◆ What is being asked:
The answer must consist only of the lines in the records below from the line with "運動会で、5,6年生は組み体" to the line with "Sur.ly’s best practice", both included, copied word for word with every picture left out.

◆ Material supplied:
'''
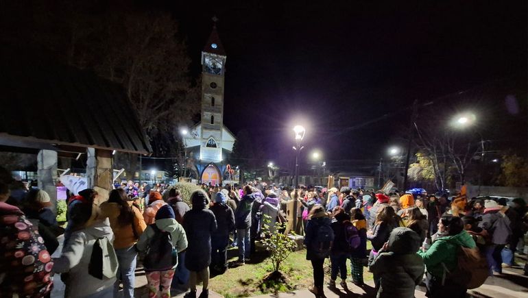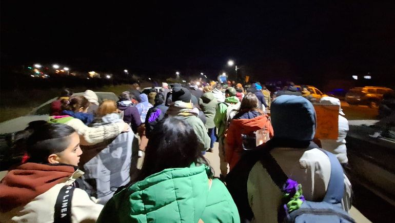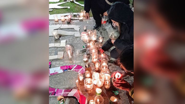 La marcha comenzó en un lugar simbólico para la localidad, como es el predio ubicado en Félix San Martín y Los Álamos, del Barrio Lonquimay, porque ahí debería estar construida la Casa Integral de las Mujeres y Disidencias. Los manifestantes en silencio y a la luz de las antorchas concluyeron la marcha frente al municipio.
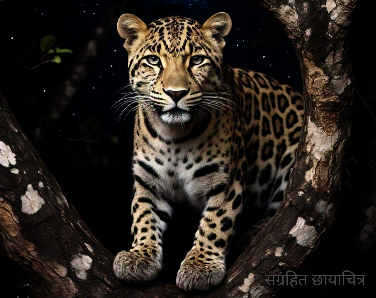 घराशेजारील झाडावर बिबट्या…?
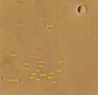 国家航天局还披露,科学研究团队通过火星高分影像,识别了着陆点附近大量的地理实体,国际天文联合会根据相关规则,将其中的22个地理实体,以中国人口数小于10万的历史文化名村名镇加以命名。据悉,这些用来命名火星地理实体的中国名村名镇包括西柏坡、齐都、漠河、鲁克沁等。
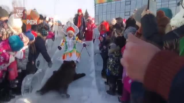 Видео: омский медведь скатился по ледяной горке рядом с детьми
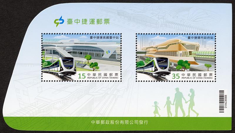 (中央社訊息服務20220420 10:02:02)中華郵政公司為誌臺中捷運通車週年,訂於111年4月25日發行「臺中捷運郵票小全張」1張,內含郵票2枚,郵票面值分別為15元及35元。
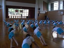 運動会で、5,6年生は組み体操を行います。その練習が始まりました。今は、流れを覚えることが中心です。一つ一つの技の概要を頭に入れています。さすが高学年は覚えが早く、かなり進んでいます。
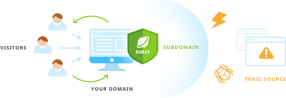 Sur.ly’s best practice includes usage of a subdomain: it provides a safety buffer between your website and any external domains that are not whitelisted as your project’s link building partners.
'''
'''
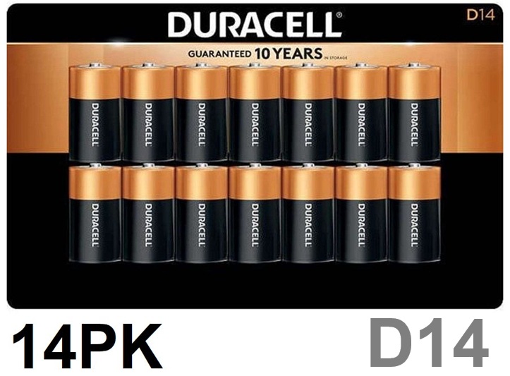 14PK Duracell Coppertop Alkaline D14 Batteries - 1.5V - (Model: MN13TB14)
'''
◆ Task solution:
 運動会で、5,6年生は組み体操を行います。その練習が始まりました。今は、流れを覚えることが中心です。一つ一つの技の概要を頭に入れています。さすが高学年は覚えが早く、かなり進んでいます。
 Sur.ly’s best practice includes usage of a subdomain: it provides a safety buffer between your website and any external domains that are not whitelisted as your project’s link building partners.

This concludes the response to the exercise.